Tissues were collected and fixed for 5 min in 4% (w/v) PFA (Sigma-Aldrich), then washed in PBS 1 × and dehydrated overnight in 30% sucrose (Sigma-Aldrich) at 4 °C. Samples were embedded in Tissue-Tek OCT compound (Bio-optica) and frozen in ethanol dry-ice bath (using Dehyol 95 (Bio-optica)). Around 8–10 μm thick sections were placed onto glass slides (Bio-optica), fixed in cold acetone for 5 min, dried, and kept at −80°C until used. Slides were incubated 30 min with a blocking solution of PBS at 0.5%FBS and 0.05% Tween (VWR) (PBS-T 0.05%), followed by primary (supplementary material) specific antibodies or secondary reagents (supplementary material). Primary antibodies, secondary antibodies, and streptavidin reagents were diluted in blocking solution PBS-T 0.05% and incubated for 1 h and 30 min, respectively. For anti-mouse and biotin-conjugated primary antibodies, additional incubation with MoM (Vector Lab) and Avidin/Biotin blocking solution (Vector Lab), respectively, were performed following the manufacturer’s instructions. Nuclei were visualized with DAPI (Fluka), and mounting was performed with Mowiol (Calbiochem). For detection of MAdCAM-1, CXCL13 and PDPN antibodies, Tyramide Signal Amplification kit (Perkin Elmer) was used. To visualize proliferating cells, Click-iT® EdU Imaging Kits (Invitrogen) was employed accordingly to manufacturer’s protocol. Confocal images were acquired using Leica TCS SP2 and Leica TCS SP8 microscopes. Digital images were recorded in separately scanned channels with no overlap in detection of emissions from the respective fluorochromes. Final image processing was performed with Adobe Illustrator CS4 and Adobe Photoshop CS4. For immunohistochemistry of human biopsies, tissue sections from formalin-fixed, paraffin-embedded blocks were used. Sections were stained with primary goat polyclonal antibody to CXCL13 (dilution 1:30; R&D Systems) and upon appropriate antigen retrieval, reactivity was revealed using biotinilated anti-goat IgG (dilution 1:250; Vector Laboratories) followed by 3,3′-diaminobenizidine tetrahydrochloride (DAB), and finally counterstained with H&E according to standard protocols. After dehydratation slides were permanently mounted in Eukitt (Bioγ-Optica). Digital images were acquired using the Olympus BX60 microscope with DP-70 Olympus digital camera and processed using Analysis Image Processing software.
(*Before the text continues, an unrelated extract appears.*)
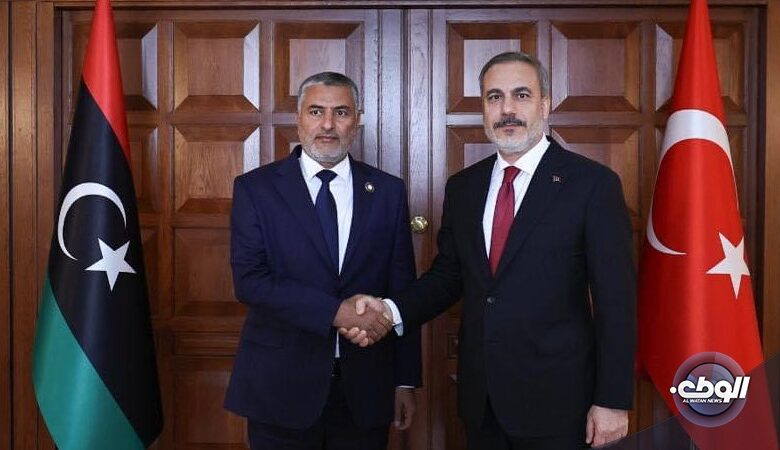 بحث رئيس مجلس الدولة محمد تكالة، اليوم الأربعاء، مع وزير الخارجية التركي هاكان فيدان، في مقر الخارجية التركية بأنقرة، الشأن السياسي إقليميا ومحليًّا، وآخر المستجدات السياسية في ليبيا، وملف الانتخابات الليبية.

Isolation, purification, and characterization of leukemic cells

-TCL1, transplanted and control mouse tissues (peripheral blood, lymph nodes, omentum, mesentery, and femoral bone marrow) were collected from mice either alive (peripheral blood) or killed (other tissues). Solid tissues were smashed and filtered on a 40 μm cell strainer (Corning). Single-cell suspensions were washed in PBS and erythrocytes were depleted using an ammonium chloride solution (ACK) lysis buffer (NH4Cl 0.15 M, KHCO3 10 mM, Na2EDTA 0.1 mM, pH 7.4). For flow cytometry analyses, samples were incubated for 15 min at RT with Mouse BD Fc Block™ (purified rat anti-mouse CD16/CD32; BD Bioscience Pharmingen). Then cells were washed and incubated for 15 min at 4 °C with conjugated antibodies and finally data were acquired on FACSCanto™ II (BD Biosciences) and analyzed using FlowJo software (Tree Star). For culture experiments, B-lymphocytes were collected from the spleen, purified and enriched by negative depletion (EasySep™ Mouse B Cell Enrichment Kit; StemCell Technologies). The purity of all murine CLL samples and control B cells was always more than 90%. Human CLL cells were purified immediately after blood withdrawal, by negative depletion using the RosetteSep B-lymphocyte enrichment kit (StemCell Technologies). The purity of all human preparations was always more than 99% and the cells co-expressed CD19 and CD5 on their cell surface as checked by flow cytometry (FC500; Beckman Coulter); preparations were virtually devoid of natural killer cells, T lymphocytes, and monocytes. Human primary samples were obtained from RAI stage 0-1 CLL patients, after informed consent as approved by the Institutional committee (protocol ViVi-CLL) of San Raffaele Scientific Institute (Milan, Italy) in accordance with the Declaration of Helsinki.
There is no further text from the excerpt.